Your instructions. Output the data below exactly as it is, dropping the pictures from your copy.

Stored data.
********
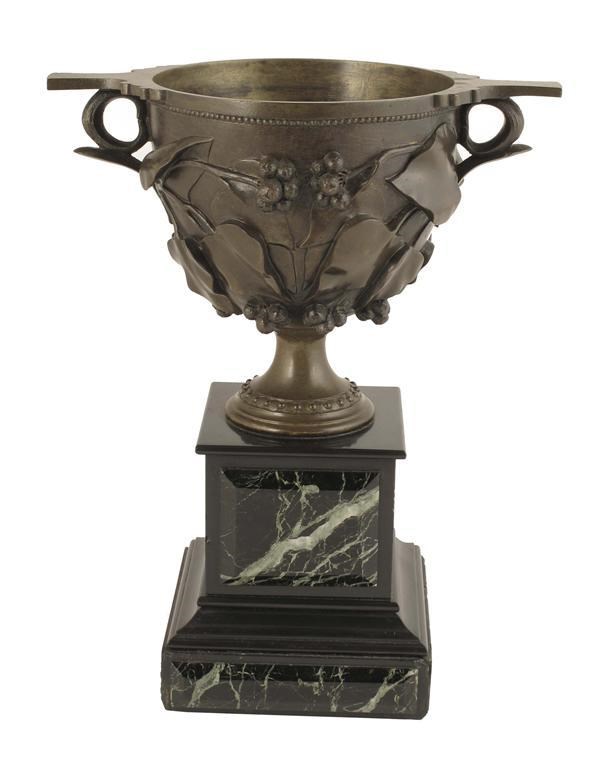 A French bronze urn, with relief ivy decoration on a marble plinth, late 19th century, 12in (30.5cm) h.
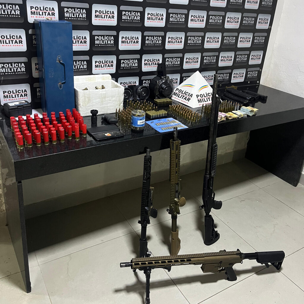 Durante as diligências, foram localizados armamentos de alto calibre, grande quantidade de munições e dinheiro em espécie. Dois indivíduos, de 74 e 38 anos, foram presos e encaminhados à Delegacia de Polícia Civil.
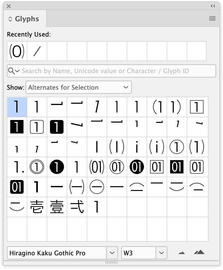 I mean, several width forms, but also alternative fractions with a horizontal fraction bar, plus various alternate annotation forms (those circles and squares around) where some of them don't even have dedicated text attributes. Note the scrollbar size below, you would not want that in the popup thingy.
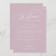 This elegant charm pink wedding itinerary template is perfect for a simple wedding. The modern minimalist design features timeless dusty rose pink and romantic calligraphy with bohemian fairytale style, perfect for a spring or summer garden wedding.
********
Answer space.
 A French bronze urn, with relief ivy decoration on a marble plinth, late 19th century, 12in (30.5cm) h.
 Durante as diligências, foram localizados armamentos de alto calibre, grande quantidade de munições e dinheiro em espécie. Dois indivíduos, de 74 e 38 anos, foram presos e encaminhados à Delegacia de Polícia Civil.
 I mean, several width forms, but also alternative fractions with a horizontal fraction bar, plus various alternate annotation forms (those circles and squares around) where some of them don't even have dedicated text attributes. Note the scrollbar size below, you would not want that in the popup thingy.
 This elegant charm pink wedding itinerary template is perfect for a simple wedding. The modern minimalist design features timeless dusty rose pink and romantic calligraphy with bohemian fairytale style, perfect for a spring or summer garden wedding.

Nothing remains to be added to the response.